As ebook circulation explodes, so do ways of measuring it. Some libraries retrieve circulation statistics from their vendors, others from their consortia, still others from their downloadable ­materials website. When libraries circulate the whole reading device, usually only the loan of the device and not its individual titles are counted, but the staff of Fayetteville Free Library, NY, bravely survey patrons to see what they have accessed. In some cases, librarians must ­estimate. Says Nancy Simerl, Sherburne Public Library, NY. “We can count specific use of the leased or purchased materials, but we also access Project Gutenberg, which we guess at.”

The means of reporting ebook circ statistics are as diverse as the means of collecting them. Many libraries do combine ebook circulation with book circulation to get one big number, but others still report them separately. Still others report ebook circulation with media like audiobooks. At Sno-Isle, it gets complicated.

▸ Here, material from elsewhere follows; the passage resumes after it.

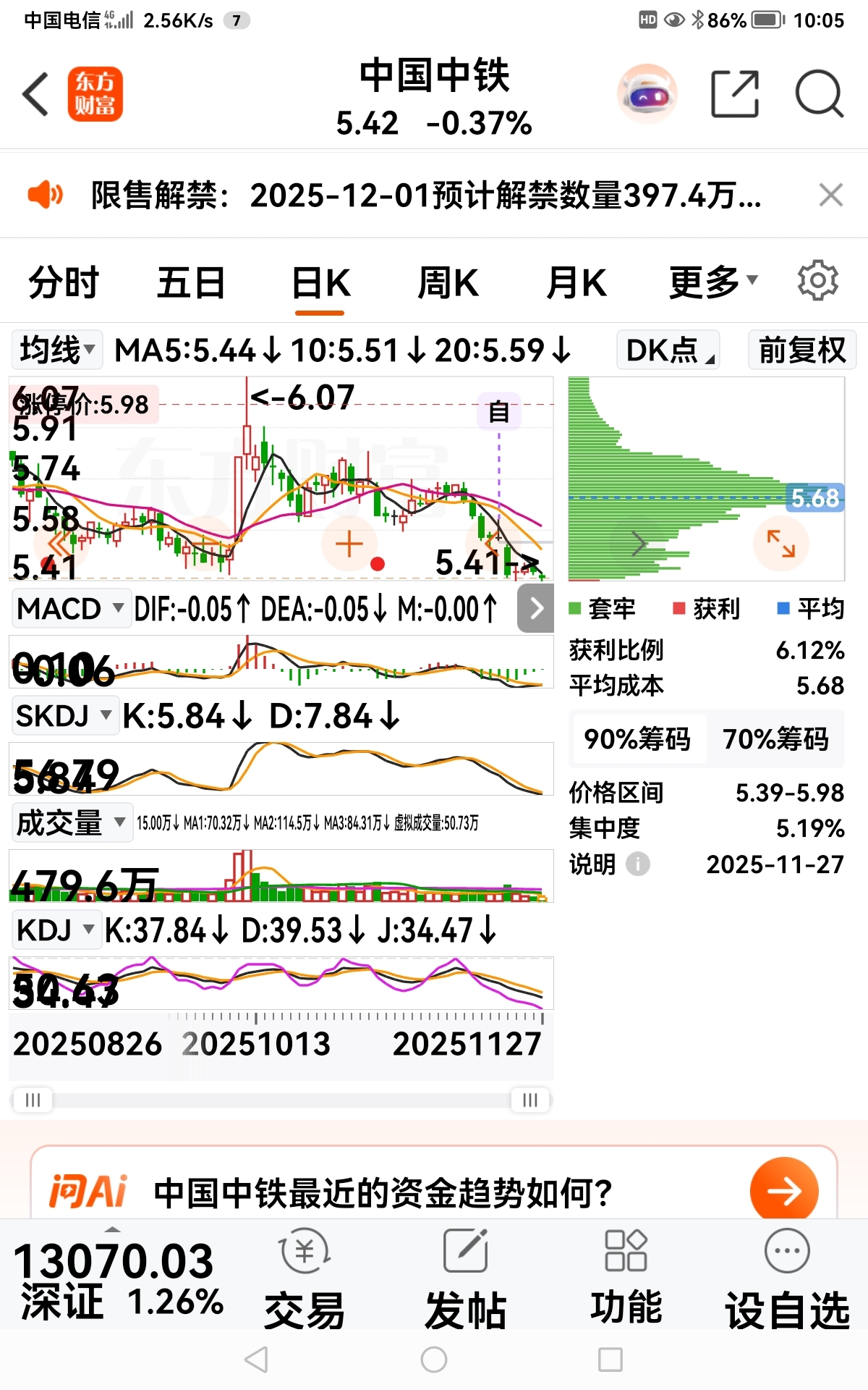 $中国中铁(SH601390)$ 套牢就是高价买入还没卖出去的,获利就是低价买入已卖出去的,平均值那自然是50%。我这么说对吗?

Says Messenger, “We report 3M circ in a separate line but as part of our circulation; OverDrive data reports as download activity.”

However it is measured, ebook circulation is virtually certain to go up in the foreseeable future. That will inevitably bring further shifts in the materials budget. Will ebooks pull funding from books and/or audiobooks? Will DVD/Blu-ray circulation and expenditures be slowed by the Netflix roadblock or by debuting library streaming services? Will nonfiction steal some thunder from fiction? Tune in to next year’s survey to find out.